Hoje, em Londres, o Brent voltou a cair, quase 3%, na abertura, longe e sem fazer mossa na escalada de quinta e sexta-feira, mas, ainda assim, importante porque deixa em evidência que as relações entre a Rússia e a Arábia Saudita ainda não voltaram ao normal depois de no início do mês terem iniciado uma violenta guerra de preços após o desacordo quanto ao montante dos cortes da OPEP+ - OPEP mais Rússia e outros 10 produtores "independentes" - para lidar com a acentuada queda nos mercados gerada pela pandemia do novo coronavírus.

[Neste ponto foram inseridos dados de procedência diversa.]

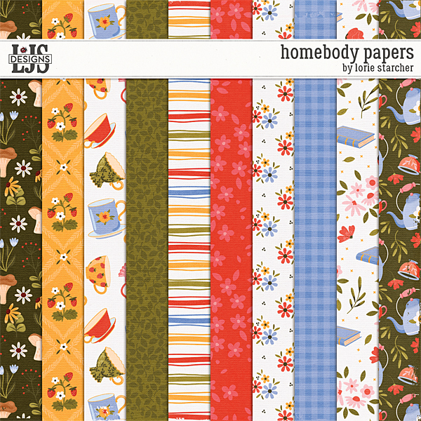 Homebody by LJS Designs is a digital scrapbooking kit for those people, like me, who prefer the comfort and beauty of their own home to anywhere else. If you would rather be home reading, gardening, or just taking it easy than be out on the town, this is the perfect kit for you. Buy the Bundle and get the kit and coordinating packs at a special price.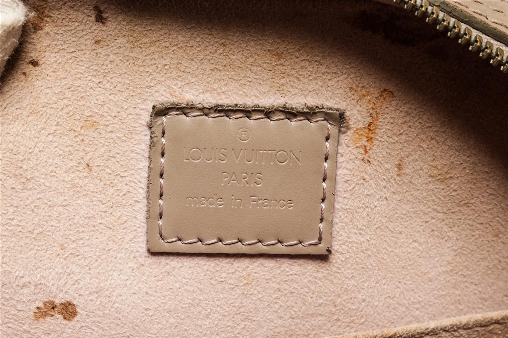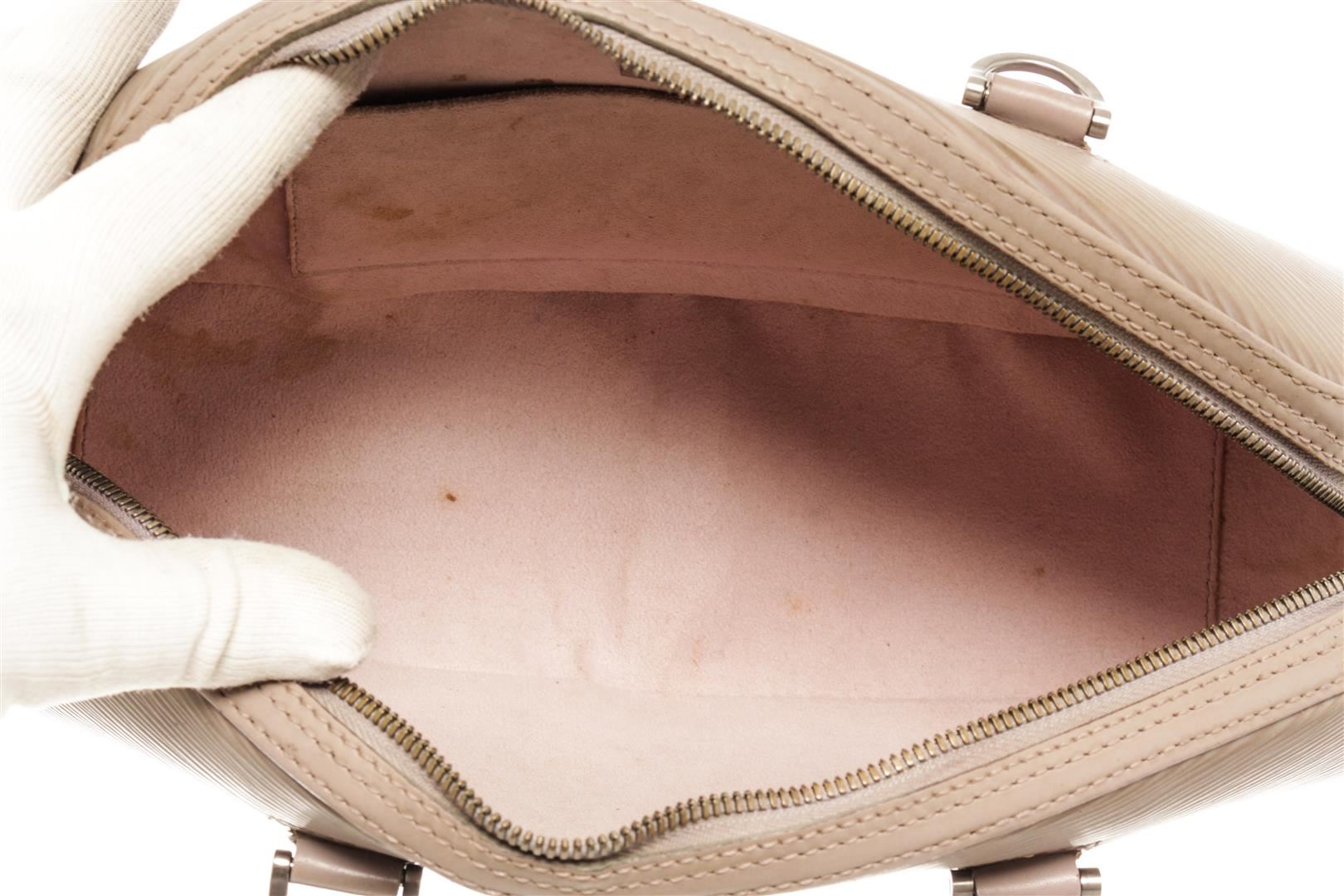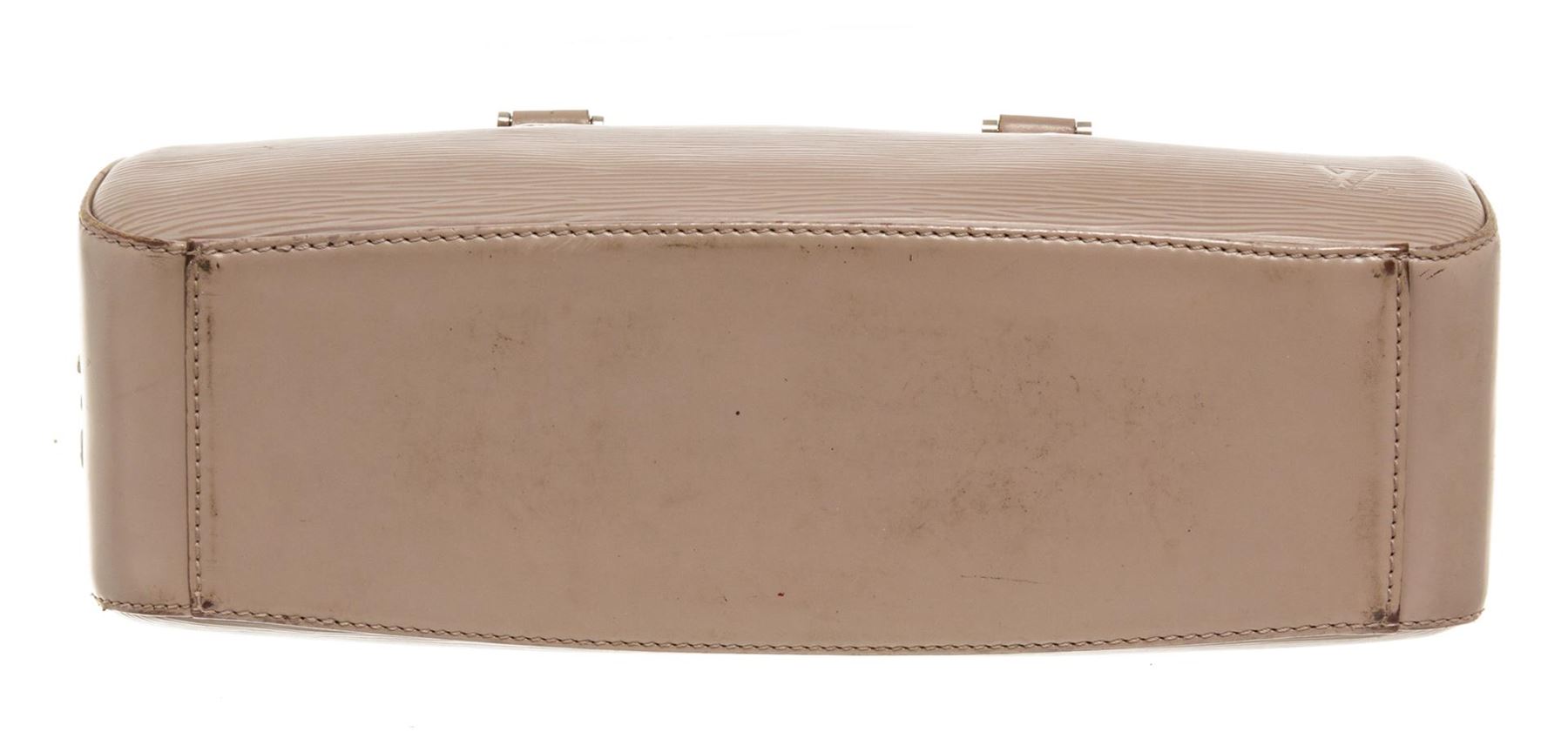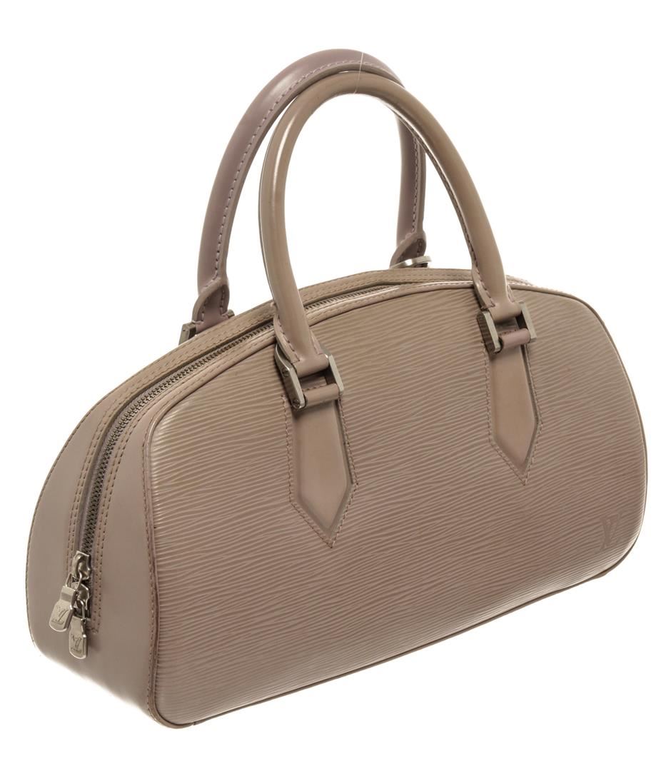 One Louis Vuitton Grey Jasmine Epi Leather Bag. Item is sold AS-IS. All available information is listed in the description and shown in the photo. Louis Vuitton Grey Jasmine Epi Leather Bag with top handle, grey suede lining, slip interior pocket, silver hardware, zipper closure.

Em pano de fundo para esta crise no sector petrolífero, uma das mais graves em várias décadas, está um veneno poderoso composto por três elementos, a pandemia da Covid-19 e a subsequente crise económica mundial, a guerra de preços entre os dois gigantes do crude planetários, a Rússia e a Arábia Saudita, antigos sócios na OPEP+, e ainda o quase atingir do limite máximo da capacidade de armazenamento, as reservas estratégicas, da matéria-prima, por parte das grandes economias mundiais, aproveitando este período de barril barato, o mais barato em quase duas décadas, como sucedeu, por exemplo, a 01 de Abril, quando chegou aos 24 USD.
Mas, foi a partir desse ponto baixo que tudo começou a mudar, entre quinta e sexta-feira da passada semana, com as notícias sobre, primeiro o envolvimento do Presidente dos EUA, Donald Trump, anunciado que estava em conversas com os seus homólogos russo, Vladimir Putin, e o Rei Salman, da Arábia Saudita, no sentido de fazerem um acordo para cortar até 15 milhões de barris por dia (mbpd).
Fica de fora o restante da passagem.